Perhaps it was just one-too-many "cracks" about his drinking that drove Antony to have the weak and elderly Cicero hunted down and killed on December 17, 43 B.C. History records that after chopping off Cicero's head, Antony's henchmen cut off the hand that wrote the Philippics against Antony. Antony's wife drove a pen through the orator's eloquently piercing tongue. In death, the reputation of Cicero quickly rose, as Plutarch obversed:

Some long time after, Caesar [Octavian], I have been told, visiting one of his daughter's sons, found him with a book of Cicero's in his hand. The boy for fear endeavored to hide it under his gown; which Caesar [Octavian] perceiving, took it from him, and turning over a great part of the book standing, gave it him again, and said, "My child, this was a learned man, and a lover of his country." --Life of Cicero, 49.

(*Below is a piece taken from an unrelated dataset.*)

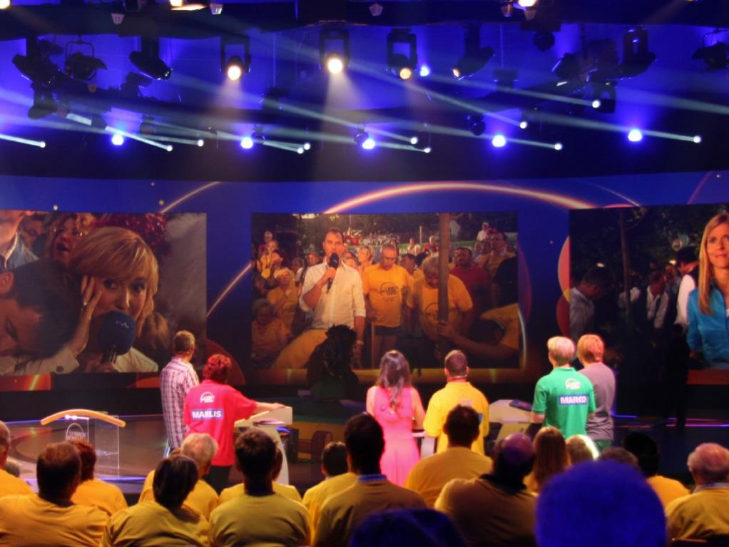 Liefern & Aufbau der Gameshow Technik für die 3 Kandidaten sowie des dazugehörigen Regiebereichs. Softwareprogrammierung von 6 Einzel-Game-Shows, mit einer zentralen Punkteverwaltung. Abbildung der Spielmasken sowie Auswertung von Interaktionen auf den Touch Monitoren der Kandidaten. Bespielung der 3 Frontscreens und der 3 Großprojektionen auf Regieanweisung (Sendungslogo, Logins, Antworten, Punkte etc.) Zusätzliche Ausgaben der Sendemasken als Key & Fill Signal. Implementierung von aktionsbezogenen Sound in unsere Software.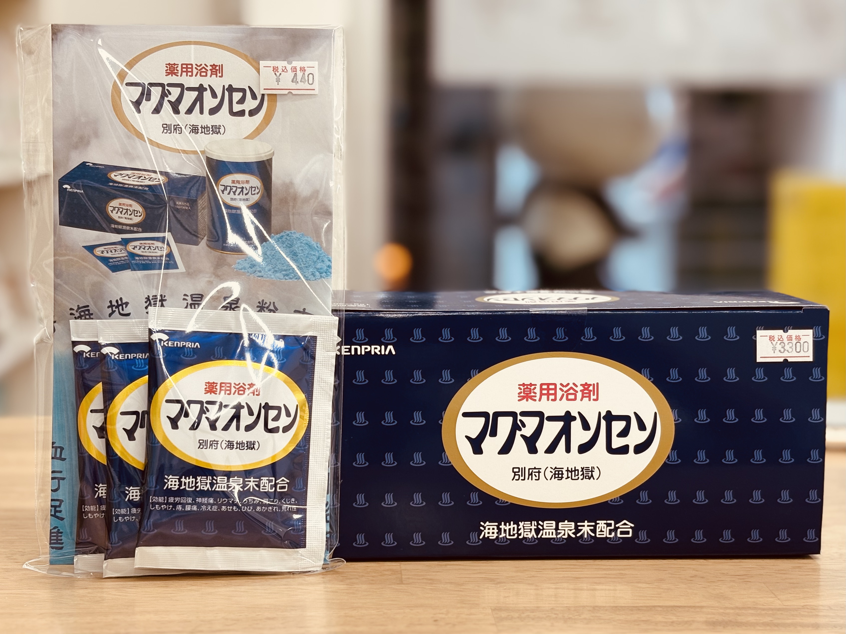 「噴霧乾燥法」という特殊製法で、この海地獄の温泉水を粉末化して配合したものがこの入浴剤「マグマオンセン」です。

And across the centuries, that tongue has spoken clearly to those who would hear his admonition "You see the situation. Now consider what ought to be done" (Cicero, In Defense of the Manilian Law). And Cicero's writings have survived as guides for those who ask, and welcome the answer to, the question, "how shall we live our lives?"

Here Ends Trumbull's Summary of the Life of Cicero.

NOTES

/1/ The complete quotation is, "Wit has truth in it; wisecracking is simply calisthenics with words."